Übliche ELISA-Probleme
1) Schwaches oder kein Signal im ELISA
• Es wird empfohlen, alle Reagenzien vor Beginn des Tests für 15-20 Minuten bei Raumtemperatur zu lagern.
• Falsche Lagerung von Komponenten. Überprüfen Sie die Lagerbedingungen auf dem Etikett des Kits. Die meisten Kits müssen bei 2-8 ° C gelagert werden.
• Reagenzien hinzugefügt / falsch vorbereitet. Überprüfen Sie das Protokoll. Stellen Sie sicher, dass die Reagenzien in der richtigen Reihenfolge hinzugefügt und auf die richtige Verdünnung vorbereitet wurden.
• Überexposition von fluoreszierenden Reagenzien. Intensives Licht kann durch Zersetzung des Fluorophors zu Photobleichung führen. Der Schutz des Fluorophors vor Licht ist für eine effektive Signalerzeugung am Ende des Assays wesentlich.
• Komponenten müssen weiter optimiert werden. Eine der Komponenten des Assays kann eine Grenzkonzentration aufweisen, was zu einem niedrigeren Gesamtsignal führt.
• Abbau von Reagenzien. Eines der Reagenzien ist möglicherweise abgebaut oder kontaminiert. In diesem Fall sollte es ersetzt werden.
• Die Antikörper sind ein ineffizientes Paar oder haben keine ausreichende Affinität zum Ziel. Die verwendeten Antikörper binden möglicherweise nicht wirksam an das Antigen oder funktionieren möglicherweise nicht in Kombination miteinander. In solchen Fällen müssen alternative Antikörper getestet werden.
• Erkennungssystem erfordert weitere Optimierung. Das Detektionssystem (Substrat) ist möglicherweise nicht empfindlich genug, um das Signal anzuzeigen, oder die Standardkurve ist möglicherweise für die Probe nicht geeignet. Es kann notwendig sein, die Probe zu konzentrieren oder auf ein empfindlicheres Substrat umzuschalten.
• Unzureichendes Waschen oder Blockieren. Ein hohes Hintergrundsignal ist üblicherweise das Ergebnis eines unzureichenden Waschens oder Blockierens von Probenkomponenten oder Antikörpern, die mit dem Blockierungspuffer kreuzreagieren oder der Verwendung von zu viel Enzymkonjugat.
• Es ist wichtig die Menge an Enzymen auszugleichen, die ein spezifisches Signal ergeben gegenüber denen, die ein Hintergrundsignal ergeben.

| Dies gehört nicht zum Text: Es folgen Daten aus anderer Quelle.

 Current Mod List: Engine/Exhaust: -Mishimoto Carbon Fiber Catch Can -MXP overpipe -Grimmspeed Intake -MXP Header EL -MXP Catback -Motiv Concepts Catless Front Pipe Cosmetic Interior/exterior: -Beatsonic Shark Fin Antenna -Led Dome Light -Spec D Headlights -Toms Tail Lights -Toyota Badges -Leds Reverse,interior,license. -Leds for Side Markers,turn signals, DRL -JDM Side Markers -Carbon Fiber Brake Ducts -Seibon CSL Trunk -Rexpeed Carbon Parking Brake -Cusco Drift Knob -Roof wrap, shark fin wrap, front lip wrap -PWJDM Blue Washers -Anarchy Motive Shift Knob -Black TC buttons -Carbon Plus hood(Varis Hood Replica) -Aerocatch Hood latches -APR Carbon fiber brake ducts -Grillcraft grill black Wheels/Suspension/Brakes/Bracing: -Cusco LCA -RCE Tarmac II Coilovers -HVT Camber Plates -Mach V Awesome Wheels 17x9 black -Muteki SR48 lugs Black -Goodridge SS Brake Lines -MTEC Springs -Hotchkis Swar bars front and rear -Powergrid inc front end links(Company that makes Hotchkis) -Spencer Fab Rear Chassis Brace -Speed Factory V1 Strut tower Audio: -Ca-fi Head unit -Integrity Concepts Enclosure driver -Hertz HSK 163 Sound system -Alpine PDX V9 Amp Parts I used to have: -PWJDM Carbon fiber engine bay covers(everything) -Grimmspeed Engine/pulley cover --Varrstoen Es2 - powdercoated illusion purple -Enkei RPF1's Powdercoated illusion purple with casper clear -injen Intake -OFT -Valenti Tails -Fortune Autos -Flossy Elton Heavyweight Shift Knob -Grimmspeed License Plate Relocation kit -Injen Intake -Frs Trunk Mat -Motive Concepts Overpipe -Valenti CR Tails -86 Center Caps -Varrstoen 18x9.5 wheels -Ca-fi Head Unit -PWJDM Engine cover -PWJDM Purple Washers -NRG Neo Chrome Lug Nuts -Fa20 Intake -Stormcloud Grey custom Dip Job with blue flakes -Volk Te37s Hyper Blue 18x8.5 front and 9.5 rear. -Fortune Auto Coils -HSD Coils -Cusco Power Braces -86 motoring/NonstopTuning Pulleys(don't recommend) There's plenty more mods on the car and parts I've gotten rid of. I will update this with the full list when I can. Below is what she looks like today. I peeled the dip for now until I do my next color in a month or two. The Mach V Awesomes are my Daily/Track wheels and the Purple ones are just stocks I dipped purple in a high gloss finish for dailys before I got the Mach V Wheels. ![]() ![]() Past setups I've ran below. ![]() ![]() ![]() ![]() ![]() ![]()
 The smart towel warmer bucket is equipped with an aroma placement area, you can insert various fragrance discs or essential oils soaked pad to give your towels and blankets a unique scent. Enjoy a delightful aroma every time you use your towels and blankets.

Der effektivste Weg es zu kontrollieren ist die Optimierung des Enzymkonjugats, der Antikörper und der Blockierungslösung.

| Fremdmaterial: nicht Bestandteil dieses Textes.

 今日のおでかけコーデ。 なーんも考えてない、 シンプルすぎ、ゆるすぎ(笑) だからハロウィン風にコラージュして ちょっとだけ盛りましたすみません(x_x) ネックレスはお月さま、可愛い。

3) Geringe Linearität der Standardkurve
• Wenn die Standardkurve eine schlechte Linearität aufweist, müssen die Proben in einen engen Konzentrationsbereich fallen, um als genau zu gelten.
• Wenn die Kurve eine gute Linearität aber eine geringe Variation zwischen Replikaten (d.h. Standardfehler) aufweist, könnte es an einem technischen Problem wie inkonsistenten Pipettieren zwischen den Proben oder den einzelnen Benutzern liegen.
Alle Proben und Standards sollten mindestens doppelt oder dreifach gemessen werden um dieses Problem zu beheben.
• Unzureichendes Waschen. Um dieses Problem zu vermeiden, verwenden Sie die geeignete Waschprozedur. Drehen Sie z.B. am Ende eines jeden Waschschritts die Platte um und lassen Sie sie auf saugfähigem Labortüchern vollständig ablaufen. Klopfen Sie gegebenenfalls kräftig dagegen um eventuell verbliebene Flüssigkeit zu entfernen.
• Inkubationszeit ist zu lang. Übermäßige Inkubationszeit ist auch ein Grund für zu hohe Signale im ELISA. Beachten Sie unbedingt die empfohlenen Inkubationszeiten.
• Kontamination. Vermeiden Sie dieses Problem mit Verschlussmatten und verwenden Sie jedes Mal, wenn die Platte geöffnet wird, eine frische Versiegelung. Dies verhindert, dass sich die Wells gegenseitig verunreinigen.